◆ DESCRIPTION OF THE TASK
Output exactly the lines from the first line of the records below through the line containing "Les feuillets mesurent", both included, leaving out any pictures.

◆ DATA SHOWN
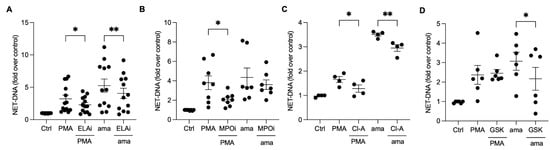 Neutrophil elastase and peptidyl arginine deiminases contribute to amastigote-induced NET release. Human neutrophils were pretreated or not (Ctrl) with (A) elastase inhibitor (ELAi), (B) myeloperoxidase inhibitor (MPOi), (C) chloroamidine (Cl-A), or (D) GSK-484 (GSK) for 30 min and then incubated with amastigotes (ama) or PMA for 90 min at 35 °C, 5% CO2. NETs were quantified in the culture supernatant using the PicoGreen kit. Data normalized according to spontaneous DNA release (Ctrl) are shown as mean ± SEM of (A) three independent experiments (n = 7), (B) five independent experiments (n = 10), (C) three independent experiments (n = 4), and (D) three independent experiments (n = 6); * p < 0.05 and ** p < 0.01. Black circles correspond to individual donors.
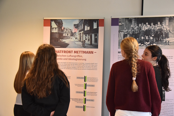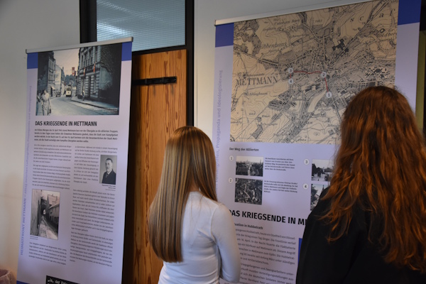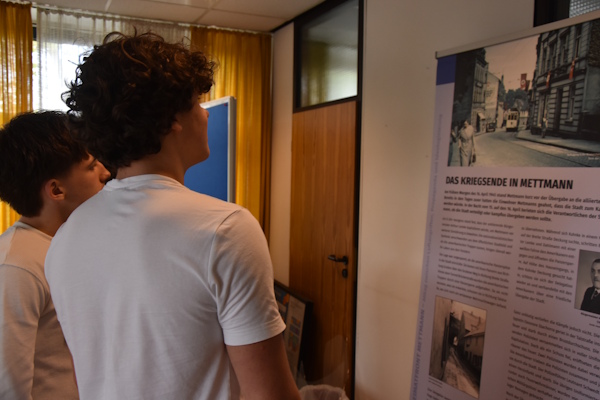 Dieses historische Ereignis nehmen wir zum Anlass, uns im schulischen Kontext intensiv mit der lokalen Geschichte auseinanderzusetzen. Im Rahmen unserer Bildungspartnerschaft mit dem Stadtarchiv Mettmann wurde heute in Raum A117 eine Ausstellung zum Thema "Mettmann im Zweiten Weltkrieg" aufgebaut. Bereits jetzt stößt die Ausstellung auf großes Interesse und wird von zahlreichen Kursen und Besuchergruppen intensiv genutzt.
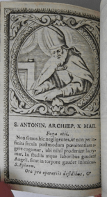 Les feuillets mesurent environ 10,5 x 6,5 cm. Dans l’exemplaire de l’édition flamande conservé à la bibliothèque universitaire d’Anvers, ils ont été massicotés pour être reliés et la reliure n’a pas permis d’en prendre les dimensions exactes. À l’intérieur de la bordure décorative qui encadre la page, la figuration du saint mesure environ 5,7 x 5,7 cm.
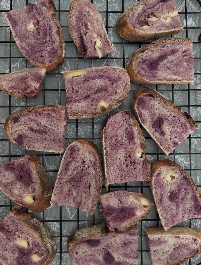 As such, for Part 1 of our ubemangoserye, our very first ube mango chiffon cake with buttercream frosting graced our kitchen. Making this 6-inch cake took much longer than I thought, but I must say that it’s worth all the effort. I honestly forgot to color the cake batter purple, but the inside of the cake still matched the mango toppings when sliced. And it turned out to be a fluffy cake with ube halaya filling, real ube sprinkles, and sliced mango toppings. The cake piping and the slightly lopsided cake only showed that I need more practice. Nonetheless, I’m happy to say that it’s only in the frosting that I used ube extract as coloring. All the rest were original purple yam color! Other purple yam highlights included ube vanilla yoghurt smoothie, ube halaya topped with grated cheese, and ube cheese sourdough bread. I was so mesmerized by how pretty the sliced bread looked like.
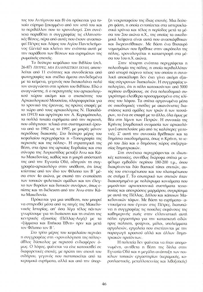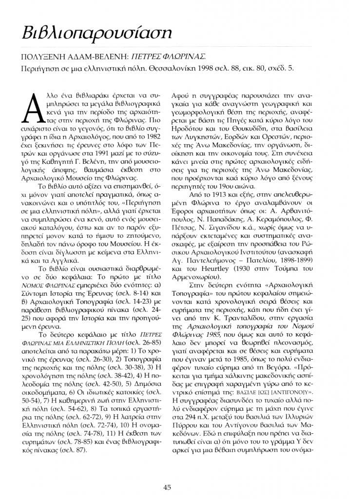 Ανδρέου Ανδρέας Π., «Βιβλιοπαρουσίαση. Πολυξένη Αδάμ-Βελένη: Πέτρες Φλώρινας. Περιήγηση σε μια ελληνιστική πόλη. Θεσσαλονίκη 1998 σελ. 88, εικ. 80, σχέδ. 5», Εταιρία, τχ. 31 (Δεκέμβριος 1998), σ. 45-47

◆ RESULT OF THIS EXERCISE
 Neutrophil elastase and peptidyl arginine deiminases contribute to amastigote-induced NET release. Human neutrophils were pretreated or not (Ctrl) with (A) elastase inhibitor (ELAi), (B) myeloperoxidase inhibitor (MPOi), (C) chloroamidine (Cl-A), or (D) GSK-484 (GSK) for 30 min and then incubated with amastigotes (ama) or PMA for 90 min at 35 °C, 5% CO2. NETs were quantified in the culture supernatant using the PicoGreen kit. Data normalized according to spontaneous DNA release (Ctrl) are shown as mean ± SEM of (A) three independent experiments (n = 7), (B) five independent experiments (n = 10), (C) three independent experiments (n = 4), and (D) three independent experiments (n = 6); * p < 0.05 and ** p < 0.01. Black circles correspond to individual donors.
 Dieses historische Ereignis nehmen wir zum Anlass, uns im schulischen Kontext intensiv mit der lokalen Geschichte auseinanderzusetzen. Im Rahmen unserer Bildungspartnerschaft mit dem Stadtarchiv Mettmann wurde heute in Raum A117 eine Ausstellung zum Thema "Mettmann im Zweiten Weltkrieg" aufgebaut. Bereits jetzt stößt die Ausstellung auf großes Interesse und wird von zahlreichen Kursen und Besuchergruppen intensiv genutzt.
 Les feuillets mesurent environ 10,5 x 6,5 cm. Dans l’exemplaire de l’édition flamande conservé à la bibliothèque universitaire d’Anvers, ils ont été massicotés pour être reliés et la reliure n’a pas permis d’en prendre les dimensions exactes. À l’intérieur de la bordure décorative qui encadre la page, la figuration du saint mesure environ 5,7 x 5,7 cm.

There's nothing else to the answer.